The citation for the trial on clinicaltrials.gov is up. Click on the link to access all the detailed information regarding inclusion criteria etc. Cross-checking with the information I posted in my previous article I did not notice any discrepancies. But while I try to be as accurate as I can, please remember the last word is theirs, not mine.
Notice the comment right on top of the trial announcement, saying “This study is not yet open for participant recruitment“. I hear that will change as soon as staff get back from their New Year vacations. Please allow me to emphasize once again, I believe this trial will finish recruitment very quickly. The actual process of getting patients in to Bethesda MD for pre-assessment etc may take some time. So, I am afraid it is going to be a bit of hurry up and wait (what else is new in life, right?).
- Be sure to read all the details of the clinicaltrials.gov citation, as well as our review articles on PCI-32765 articles (CAL-101 too, after all it too is a member of the kinase inhibitor drugs). You can find the articles by typing in the appropriate key word or phrase into the search box at the top right hind side of our homepage.
- If after due consideration you decide you fulfill the inclusion criteria, and further more, you are seriously interested in participating in this trial, that is when it is appropriate for you to contact them.
- Please don’t jam their phone lines or overload their email system with irrelevant questions at this time. The time and resources you waste will cost another patient who may really need access to this technology. We have to watch out for each other.
- Once you have your interest in participating on their record, the next step is the hardest: be patient. I expect they will get an avalanche of queries from patients and it will take a little time for them to sort through all the mail. I am afraid I am partly to blame for the huge interest. Just Google “PCI-32765 clinical trials” . My recent article is very high on the citation list of Google, no small achievement. And we do have an awful lot of devoted readers of this website.
- You can bet on it that I will be keeping close watch on this trial. You can do your bit by adding your voice to the discussion section. We can learn a whole lot more when we work together.
Site News
- I have managed (barely!) to keep up the rate of publication of new articles, about one every week. There are 154 different articles now on the Updates website. You can browse through them at your leisure, or as the topic becomes a hot button issue for you. I hope to continue at about the same rate in the coming new year.
- Our membership is huge and keeps increasing, with no sign of leveling off. In the month of December, even with all the holidays and stuff, we had more than 45,000 visitors to the website. No wonder Google picks up our citations so quickly (and drug companies sit up and take notice) when we publish new review articles.
- I plan on conducting at least two workshops in 2012. Both will be held in Columbia, MD. I am afraid I do not have the man-power resources to plan for (and financial resources to pay for!) workshops conducted elsewhere. Dates and topics of the workshops will be announced at a later date. Our rented conference hall holds about 50 people. We register ahead of time, and try to accommodate as many people as we can. Our previous workshops (“All about prognostic indicators” and “Everything you wanted to know about FCR“) were very well received.

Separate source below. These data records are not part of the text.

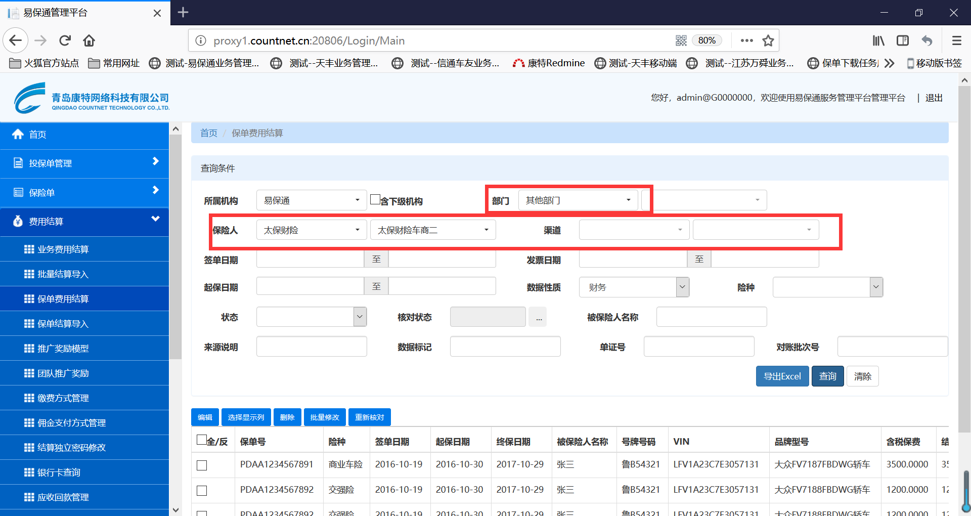部门选择其他部门,再按照保险人和渠道查询,无法筛选数据。在此基础上,其他查询条件也不好用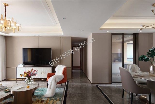 金泰雅苑125㎡现代轻奢三居室装修案例风效果图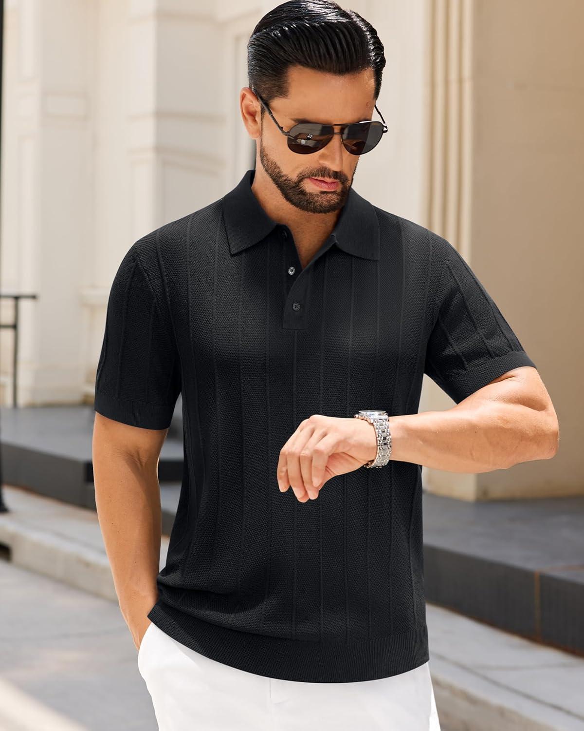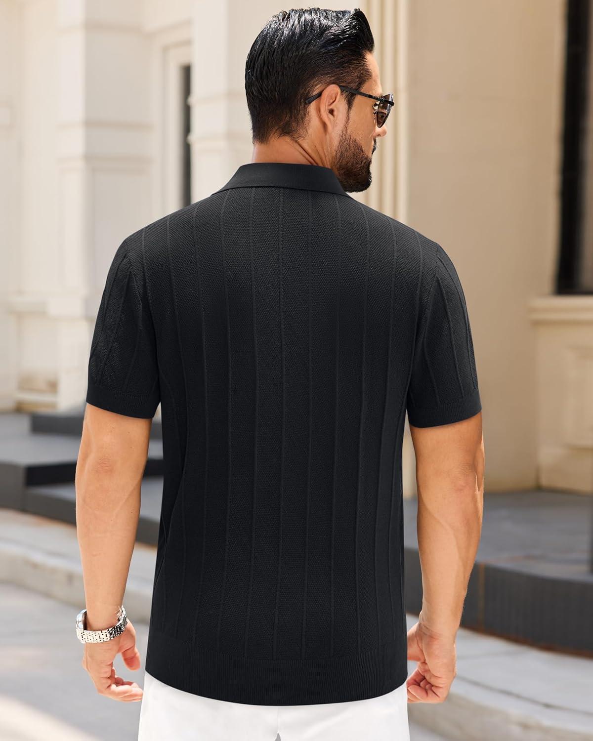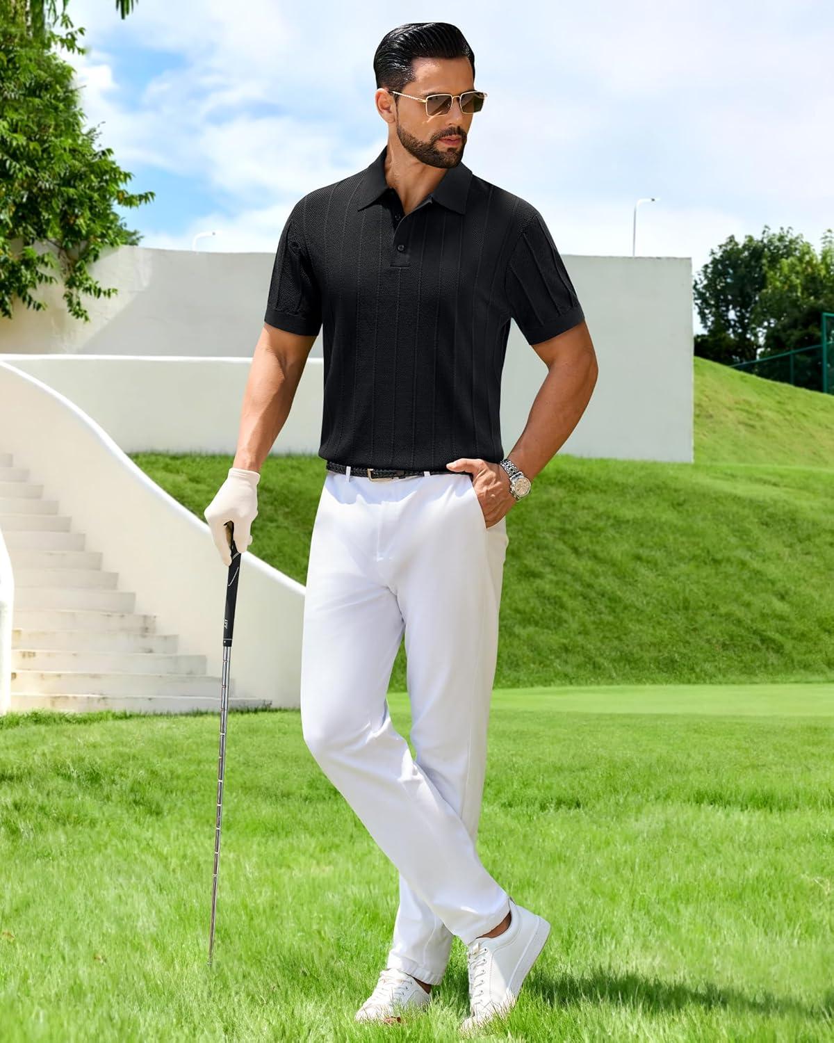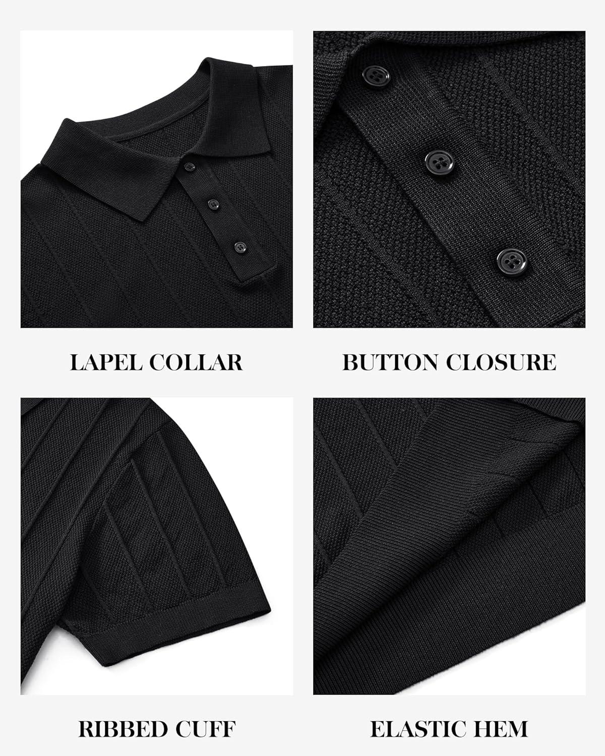 J.VER Polo Shirts for Men Short Sleeve Ribbed Textured Knit Shirt Stretch Casual Golf Tops(Black)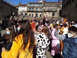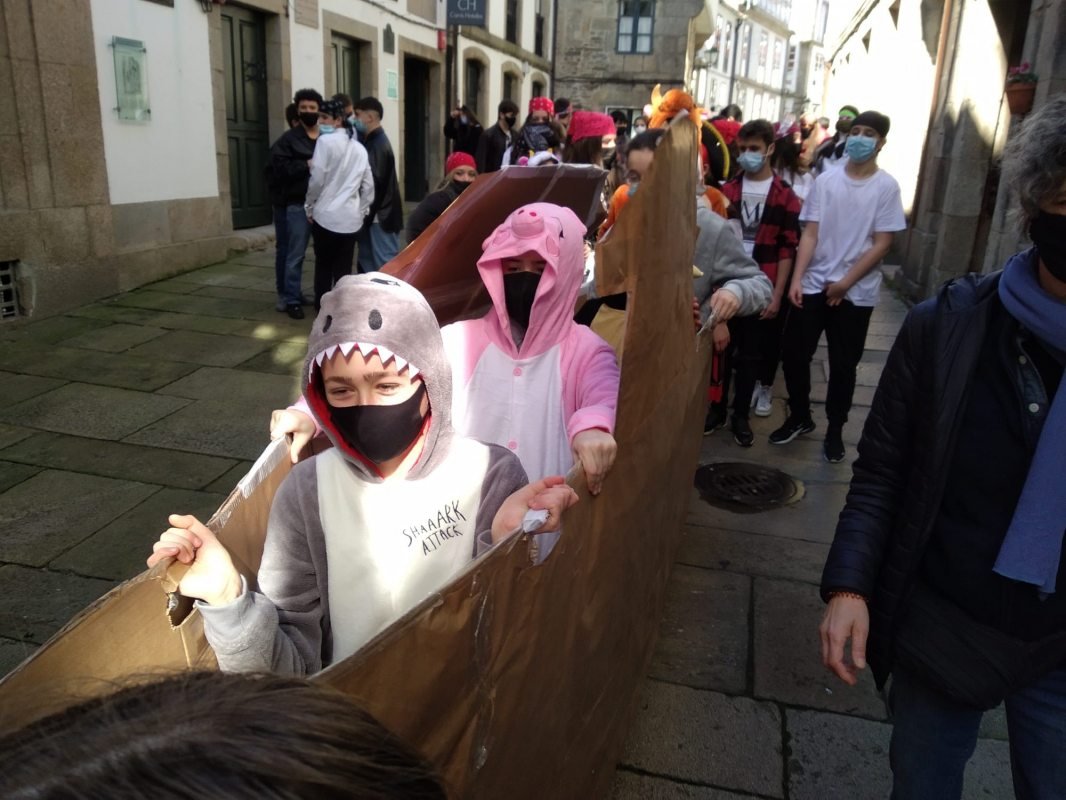 Ademais dun concurso de cpmparsas , celebramos a nosa ledicia por Compostela, compartido a nosa troula coa veciñanza , en concrero a da zona vella,. Acabamos por "tomar" a praza da Quintana onde concurriron todas as comparasas.

- My email traffic continues to grow. All the same, this one-on-one contact I have with our members is probably the best part of my “job”. So, please continue to write to me. You can get my email address by clicking on the “Feedback / Contact us” button. I promise to get back to you in a day or two at most. (Social emails may take a bit longer).

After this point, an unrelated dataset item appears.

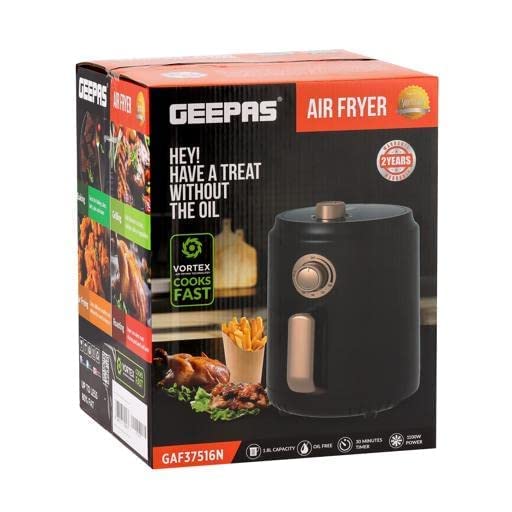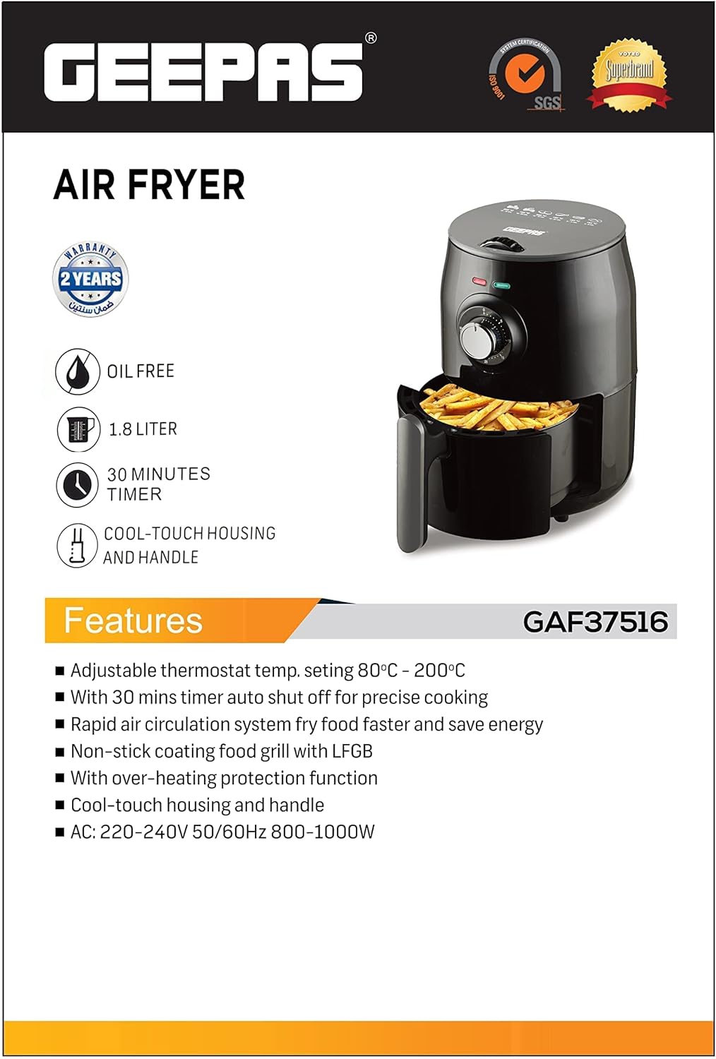 Geepas GAF37516 Air Fryer 1.8L - Cool touch Housing & handle | Overheat Protection, LED ON-OFF Lights, 30 Minutes Timer, Non Stick Detachable Basket, Temperature & Timer Control | 2 Years Warranty

- Phone consultations have to be limited to when I am in the USA – calling India is a little expensive, the time zone difference is a hassle etc. If you wish to see me in person, please write ahead of time and set up a time and date that works for both of us.
- As always, there is no fee charged for any of the services we provide.
- I have been invited to speak again at the CLL 2012 conference in Niagara Falls, Canada. I guess I did not do so badly the last time, since they asked me to come back for a second time. I am looking forward to it since it gives me a chance to meet many of you. The organizers had videotaped the presentations the last time – here is the link to the YouTube video of my presentation.
22 comments on "PCI-32765 trial at the NIH – Update"
Consider yourself supported and validated, Chaya! No group of individuals, no matter how pressing their challenge, can do a good job of facing it without leadership such as yours.
I am not at the stage where a chemo intervention is merited(crossing my fingers and knocking on wood!)but I know that these new regimens are my best chance of a normal life span, which is always good to have!
My best wishes for the New Year!
Thank you, Chaya. Your patient advocacy is a blessing.
Wishing you all good things in the New Year.
— La Verne
Although we don’t chat much. I am so glad we have you as an inspiration and guide to muddle us through our CLL issues. I sure wish we could speed up the whole darn process of bringing drugs to market, but our bureaucracy of clowns in Washington DC don’t have any clue about how real people have to deal with real life issues. Keep up the great work and godspeed to you and your family.
First,, Wishing you, Chaya, and all who are dear to you good health and strength and peace in 2012.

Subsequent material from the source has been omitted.